▶ Problem statement
The expected output is the full set of entries, printed exactly, without pictures.

[Input data — start]

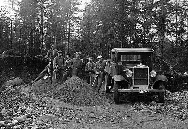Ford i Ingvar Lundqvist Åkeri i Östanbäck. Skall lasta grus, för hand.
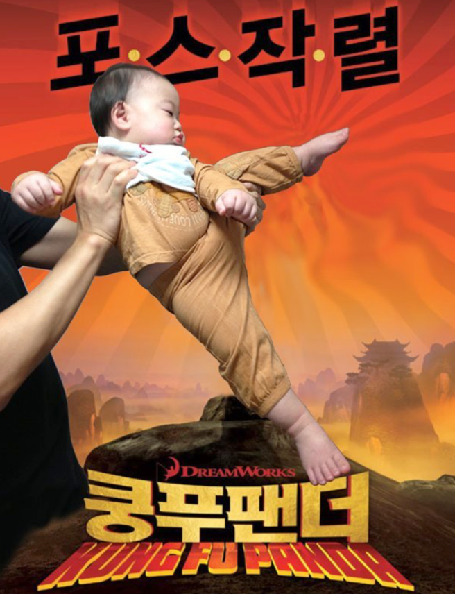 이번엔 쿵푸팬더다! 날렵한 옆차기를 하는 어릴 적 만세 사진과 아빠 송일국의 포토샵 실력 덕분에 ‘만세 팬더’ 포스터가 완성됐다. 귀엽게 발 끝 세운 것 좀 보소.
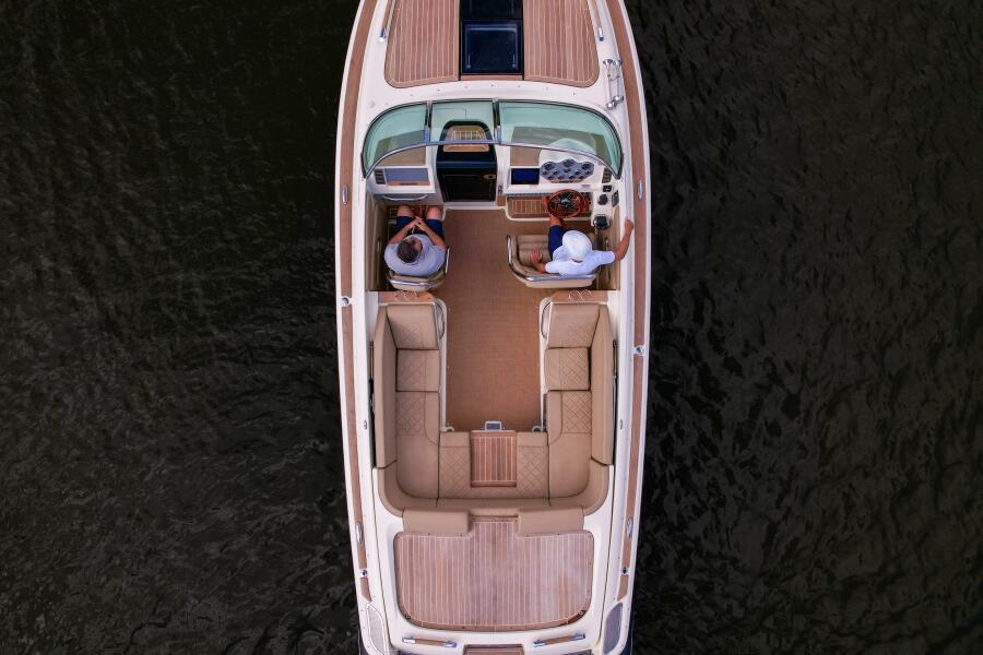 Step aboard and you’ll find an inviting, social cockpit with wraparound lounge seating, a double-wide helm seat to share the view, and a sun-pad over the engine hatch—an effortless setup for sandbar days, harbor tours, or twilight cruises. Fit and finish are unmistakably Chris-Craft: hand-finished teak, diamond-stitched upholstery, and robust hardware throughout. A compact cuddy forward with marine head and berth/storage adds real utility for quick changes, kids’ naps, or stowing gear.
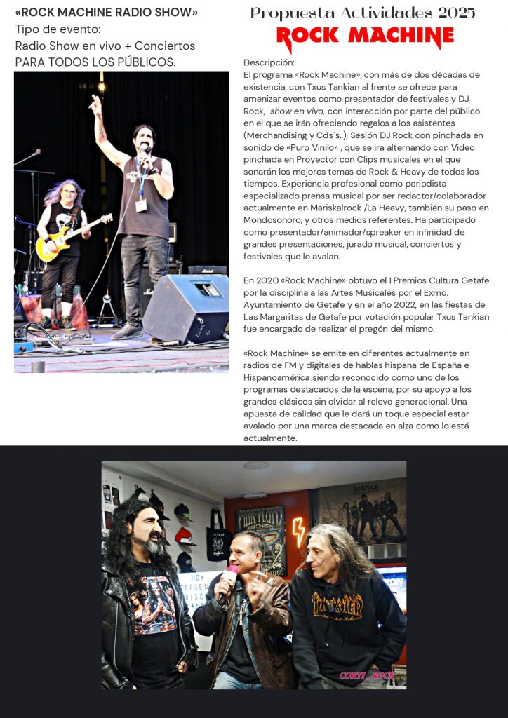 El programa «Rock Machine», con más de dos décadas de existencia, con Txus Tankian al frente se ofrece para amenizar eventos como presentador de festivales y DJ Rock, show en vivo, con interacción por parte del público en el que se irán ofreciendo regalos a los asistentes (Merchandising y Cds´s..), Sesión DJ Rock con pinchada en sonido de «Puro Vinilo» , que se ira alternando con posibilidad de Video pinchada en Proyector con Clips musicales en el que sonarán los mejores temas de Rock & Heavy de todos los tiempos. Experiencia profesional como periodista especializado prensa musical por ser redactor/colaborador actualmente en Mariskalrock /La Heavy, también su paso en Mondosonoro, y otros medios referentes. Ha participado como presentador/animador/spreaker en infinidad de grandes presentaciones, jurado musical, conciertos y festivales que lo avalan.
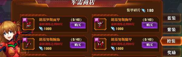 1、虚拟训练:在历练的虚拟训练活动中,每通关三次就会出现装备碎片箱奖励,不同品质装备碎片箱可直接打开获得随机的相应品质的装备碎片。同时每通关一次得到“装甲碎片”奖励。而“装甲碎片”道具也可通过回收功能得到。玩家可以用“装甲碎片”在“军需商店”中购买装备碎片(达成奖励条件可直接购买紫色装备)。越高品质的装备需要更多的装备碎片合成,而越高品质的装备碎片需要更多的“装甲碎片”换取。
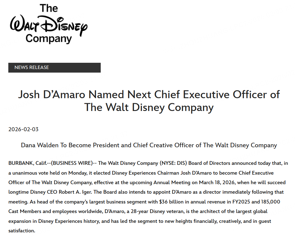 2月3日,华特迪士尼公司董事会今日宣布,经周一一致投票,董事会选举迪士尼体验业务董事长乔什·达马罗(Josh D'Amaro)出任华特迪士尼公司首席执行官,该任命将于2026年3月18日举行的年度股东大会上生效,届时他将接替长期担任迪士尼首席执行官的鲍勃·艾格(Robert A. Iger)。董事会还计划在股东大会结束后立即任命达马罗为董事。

[Input data — finish]

▶ Your solution
Ford i Ingvar Lundqvist Åkeri i Östanbäck. Skall lasta grus, för hand.
 이번엔 쿵푸팬더다! 날렵한 옆차기를 하는 어릴 적 만세 사진과 아빠 송일국의 포토샵 실력 덕분에 ‘만세 팬더’ 포스터가 완성됐다. 귀엽게 발 끝 세운 것 좀 보소.
 Step aboard and you’ll find an inviting, social cockpit with wraparound lounge seating, a double-wide helm seat to share the view, and a sun-pad over the engine hatch—an effortless setup for sandbar days, harbor tours, or twilight cruises. Fit and finish are unmistakably Chris-Craft: hand-finished teak, diamond-stitched upholstery, and robust hardware throughout. A compact cuddy forward with marine head and berth/storage adds real utility for quick changes, kids’ naps, or stowing gear.
 El programa «Rock Machine», con más de dos décadas de existencia, con Txus Tankian al frente se ofrece para amenizar eventos como presentador de festivales y DJ Rock, show en vivo, con interacción por parte del público en el que se irán ofreciendo regalos a los asistentes (Merchandising y Cds´s..), Sesión DJ Rock con pinchada en sonido de «Puro Vinilo» , que se ira alternando con posibilidad de Video pinchada en Proyector con Clips musicales en el que sonarán los mejores temas de Rock & Heavy de todos los tiempos. Experiencia profesional como periodista especializado prensa musical por ser redactor/colaborador actualmente en Mariskalrock /La Heavy, también su paso en Mondosonoro, y otros medios referentes. Ha participado como presentador/animador/spreaker en infinidad de grandes presentaciones, jurado musical, conciertos y festivales que lo avalan.
 1、虚拟训练:在历练的虚拟训练活动中,每通关三次就会出现装备碎片箱奖励,不同品质装备碎片箱可直接打开获得随机的相应品质的装备碎片。同时每通关一次得到“装甲碎片”奖励。而“装甲碎片”道具也可通过回收功能得到。玩家可以用“装甲碎片”在“军需商店”中购买装备碎片(达成奖励条件可直接购买紫色装备)。越高品质的装备需要更多的装备碎片合成,而越高品质的装备碎片需要更多的“装甲碎片”换取。
 2月3日,华特迪士尼公司董事会今日宣布,经周一一致投票,董事会选举迪士尼体验业务董事长乔什·达马罗(Josh D'Amaro)出任华特迪士尼公司首席执行官,该任命将于2026年3月18日举行的年度股东大会上生效,届时他将接替长期担任迪士尼首席执行官的鲍勃·艾格(Robert A. Iger)。董事会还计划在股东大会结束后立即任命达马罗为董事。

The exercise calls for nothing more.